Once you reach the line with "الإجماع؛ لعدم المخالف." below, copy each line exactly, stopping after the line with "Os jogadores que", and skip any pictures.

** Opening LISTED ENTRIES block **

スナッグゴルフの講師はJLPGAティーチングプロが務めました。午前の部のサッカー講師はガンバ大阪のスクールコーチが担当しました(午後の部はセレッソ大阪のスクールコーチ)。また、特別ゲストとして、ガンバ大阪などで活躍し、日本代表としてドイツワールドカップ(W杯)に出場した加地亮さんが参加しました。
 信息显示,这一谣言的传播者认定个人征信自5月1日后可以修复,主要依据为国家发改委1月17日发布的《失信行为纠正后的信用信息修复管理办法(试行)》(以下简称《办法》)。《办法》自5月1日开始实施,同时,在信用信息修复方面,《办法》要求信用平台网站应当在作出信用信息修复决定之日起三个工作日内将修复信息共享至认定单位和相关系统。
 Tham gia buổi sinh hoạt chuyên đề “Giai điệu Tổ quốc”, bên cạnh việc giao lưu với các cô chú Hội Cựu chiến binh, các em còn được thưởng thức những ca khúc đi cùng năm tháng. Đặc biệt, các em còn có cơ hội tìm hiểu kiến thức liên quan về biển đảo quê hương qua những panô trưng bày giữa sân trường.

** Closing LISTED ENTRIES block **
** Opening LISTED ENTRIES block **

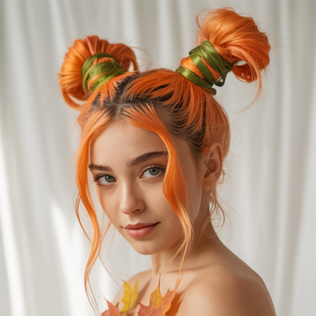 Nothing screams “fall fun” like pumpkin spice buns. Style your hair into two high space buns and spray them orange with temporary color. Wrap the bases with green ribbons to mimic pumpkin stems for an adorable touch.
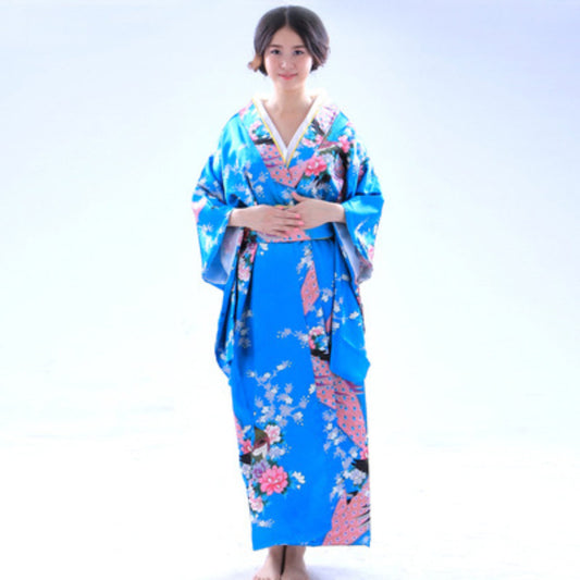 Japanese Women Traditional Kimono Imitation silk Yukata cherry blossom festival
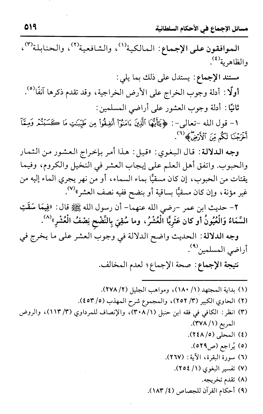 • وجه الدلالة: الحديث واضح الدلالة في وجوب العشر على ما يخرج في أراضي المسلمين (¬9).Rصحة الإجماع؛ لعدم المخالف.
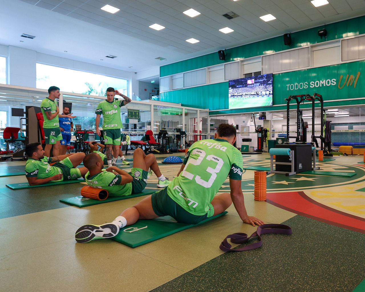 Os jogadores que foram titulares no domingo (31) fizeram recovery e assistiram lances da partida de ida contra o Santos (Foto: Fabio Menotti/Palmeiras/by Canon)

** Closing LISTED ENTRIES block **

> [ANSWER AREA]
 • وجه الدلالة: الحديث واضح الدلالة في وجوب العشر على ما يخرج في أراضي المسلمين (¬9).Rصحة الإجماع؛ لعدم المخالف.
 Os jogadores que foram titulares no domingo (31) fizeram recovery e assistiram lances da partida de ida contra o Santos (Foto: Fabio Menotti/Palmeiras/by Canon)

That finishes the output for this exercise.